In some embodiments, the conversion module 40 may be trained based on a symmetry error. For example, a two-dimensional skeleton for learning inputted to the conversion module 40 has a symmetrical structure (e.g. vertical symmetry, left and right symmetry), the conversion module 40 may be trained to reduce errors based on the degree of symmetry of the predicted three-dimensional skeleton. According to this embodiment, the conversion accuracy for the two-dimensional skeleton having a symmetrical structure may be further improved.

In some embodiments, the conversion module 40 may be trained based on a projection error.
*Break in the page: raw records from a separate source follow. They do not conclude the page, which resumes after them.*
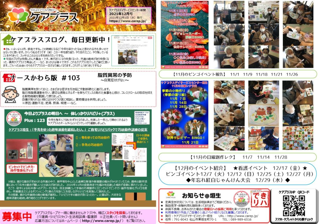 さて、ケアプラス垣生新聞12月号が発行されました。
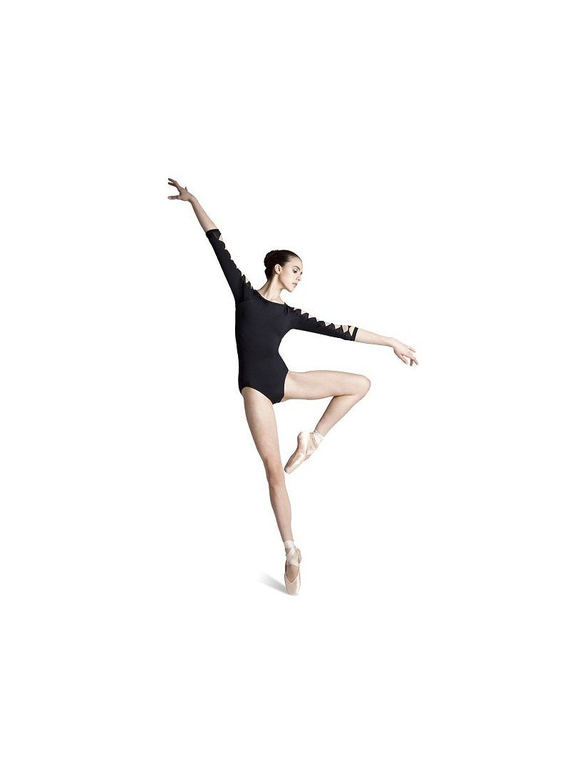 A 3/4 sleeve leotard features an innovative harlequin cut out pattern on the arm with spacious open back for extra styling.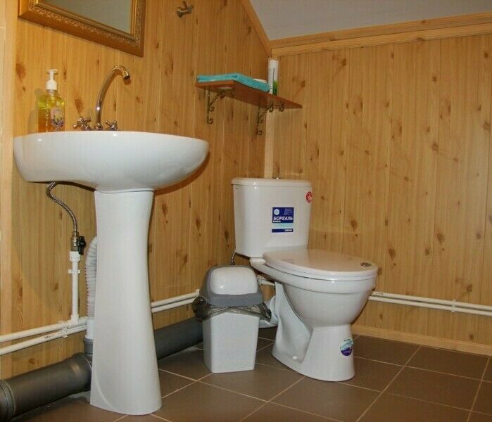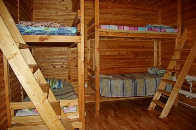 Новый дом, справа от въезда на территорию базы, с просторной верандой для уютных посиделок на открытом воздухе. Три раздельных номера на втором этаже с выходами на общую площадку. В каждом номере по две кровати, душ, туалет. На первом этаже просторная кухня с большим холодильником, телевизором и необходимыми принадлежностями. Для посетителей – гостевой туалет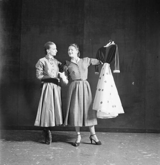 Photographs of ballerinas from New York City Ballet dancing while wearing and holding a variety of costumes, including leotards, dresses, and suits. Date of assignment February 19, 1952. Story published in LOOK on May 6, 1952 pages 98-102.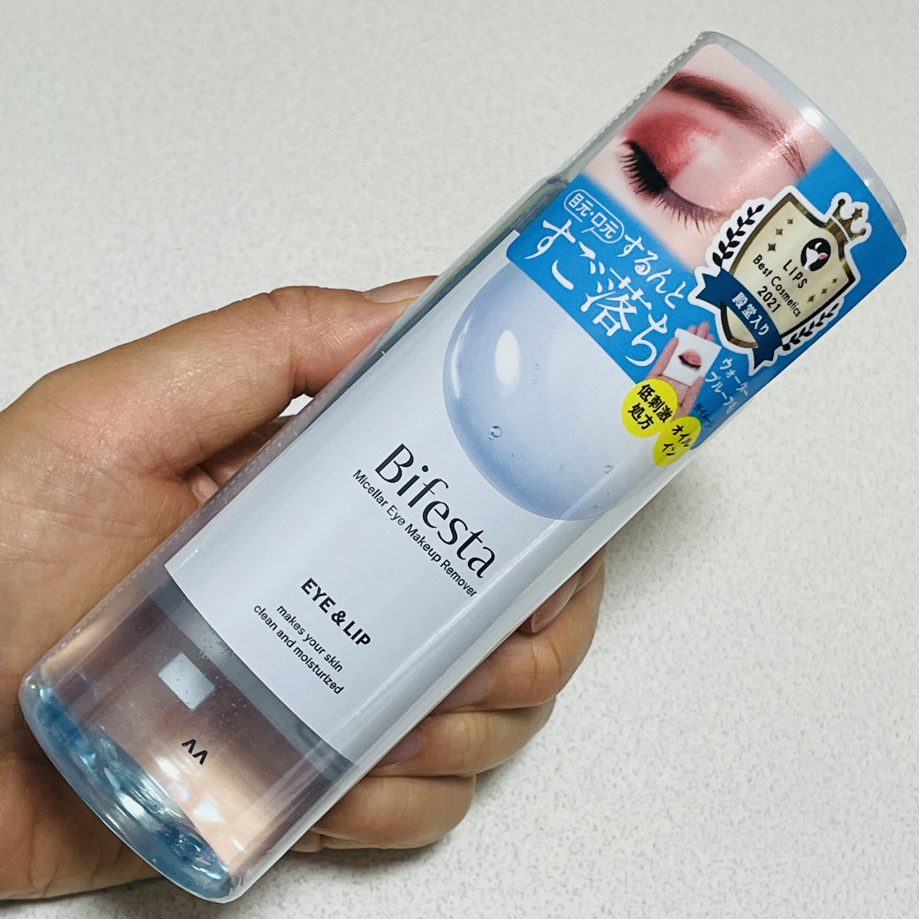 ビフェスタミセラーアイメイクアップリムーバーを使っています。こちらは、ウォーター層とオイル層のダブル効果でウォータープルーフマスカラや落ちにくいリップメイクも素早く落とす2層式ポイントメイクリムーバー。濃いメイクを浮かせる油性エモリエント層と...

Here, the projection error may be calculated based on a difference between two-dimensional skeleton information generated from prediction information through a projection operation and two-dimensional skeleton information for learning inputted to the conversion module 40. According to this embodiment, the performance of the conversion module 40 may be further improved by further training the projection error.

In some embodiments, the conversion module 40 may be trained based on a combination of the above-described various embodiments.

Hereinafter, a method of further improving the conversion accuracy of skeleton information is described with reference to FIGS. 11 and 12.

First, a method of improving the conversion accuracy of skeleton information according to a first embodiment of the present disclosure is described with reference to FIG. 11.

As shown in FIG. 11, this embodiment relates to a method of improving the conversion accuracy of skeleton information by training a conversion module 46 using two-dimensional skeleton information 91 corrected using the motion features of a domain.

Specifically, a domain of a target object may be defined to be distinguished based on the motion features of the target object. In other words, objects that share common motion features may belong to the same domain. For example, a domain of a target object may be divided into soccer (i.e., an object related to soccer movements), golf, rehabilitation treatment, etc. As another embodiment, a domain of a target object may be divided into foot motions (i.e., an object related to foot motions), hand motions, etc. As still another embodiment, the domain of a target object may be defined in a more detailed form, such as a first motion related to golf, a second motion related to golf, etc.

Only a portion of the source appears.